Черное сердце | страница 81



Девушка не знала, куда делся Эсех Харбыр, и не хотела этого знать. Наверное, был бой. Наверное, Нюргун прихлопнул молокососа, как конь хвостом размазывает по крупу зудящего слепня. Ну хорошо, не прихлопнул, а погнал в три шеи. Беги, женишок, домой, к любимой мамочке, она тебе сопли вытрет! Так лучше, когда все живые, а мы победили. Ведь правда? Айталын представила, что скажет Эсеху, когда встретится с ним в следующий раз, и на душе полегчало.

Болела голова. Просто раскалывалась, как земля вокруг провала, еще недавно носившего имя входа в Нижний мир. Всю драку с Эсехом, если драка была на самом деле, Айталын провалялась без чувств. Когда сознание вернулось к ней, Нюргун вез сестру прочь от вонючих подземных красот, усадив впереди себя на коня. Он молчал, несмотря на расспросы Айталын. Держал сестру крепко-крепко, словно ее могли отнять в любой момент, и молчал. По правде сказать, Айталын боялась его молчания больше, чем недавнего похищения. Эсех болтал без умолку, в болтовне юного адьярая звучало ребячество, а значит, откуда взяться страху? В Нюргуновом безмолвии крылось взрослое, тяжелое, закованное в цепи бешенство, и младшую дочь Закона-Владыки брали сомнения: «Мы и впрямь победили? А как мы победили? А все ли живы?»

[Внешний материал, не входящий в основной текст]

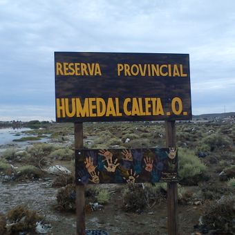 The wetland gained municipal and provincial reserve status in 2000, managed by Caleta Olivia Municipality and Santa Cruz Agricultural Council.
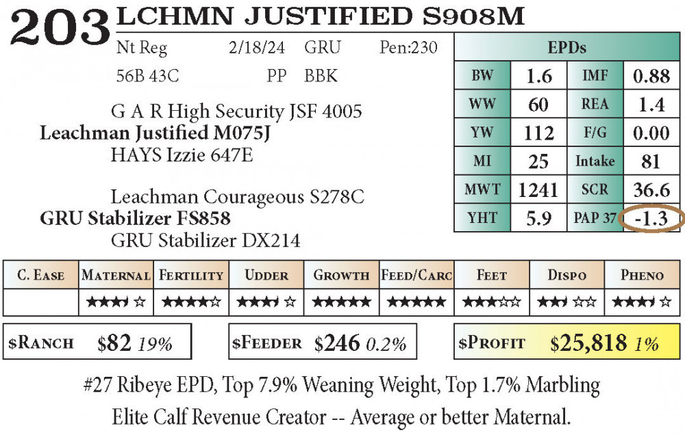 LCHMN JUSTIFIED S908M (#203) 12.06.25 Leachman High Altitude Sale 11:00 AM MTN

Когда они выбрались наверх, Нюргун отвел коня подальше, в березовую рощу, и принялся за работу.

– Не люблю!

Каждое движение Нюргуна, каждое действие и поступок лучше слов говорили о его намерениях. Никто, вопила глыба за глыбой. Никогда, утверждали потоки щебня. Отсюда к свету солнца больше не выберется ни один вор. Не придет за моей сестрой. И за вашей сестрой тоже. За матерью, дочерью, внучкой. Все пути не закрыть, но этот кончился. Навсегда. На веки вечные.

Прощай, Муус-Кюнкюйэ[34].

Бессильная помешать, Айталын могла лишь покорно терпеть мучительное содрогание тверди. Ее тошнило. В затылок лупили кулаком. Глаза налились кровью, за левым копошился голодный птенец, клевал глазное яблоко. Девушка не догадывалась, что Нюргун делает не так, но все ее существо кричало: беда! Алатан-улатан! Кишка, подумала Айталын. Кишка, выводящая нечистоты из задницы. Мама, прости меня, грубиянку! Но я же права: поганую кишку, источающую смрад, и ту нельзя забить кляпом, если не хочешь, чтобы хозяин кишки сдох в мучениях!

– Не люблю!

– Будь ты проклят!

Айталын завертела головой. Кто? Где? Кого?! За что?! От головной боли она едва не лишилась сознания, но успела заметить, как из кустов багульника, цветущих в пору, которую девушка не рискнула бы назвать летом, с шумом взлетел крупный ворон. В перьях его густо пробивалась седина, будто ворон был не птицей, а крылатым стариканом.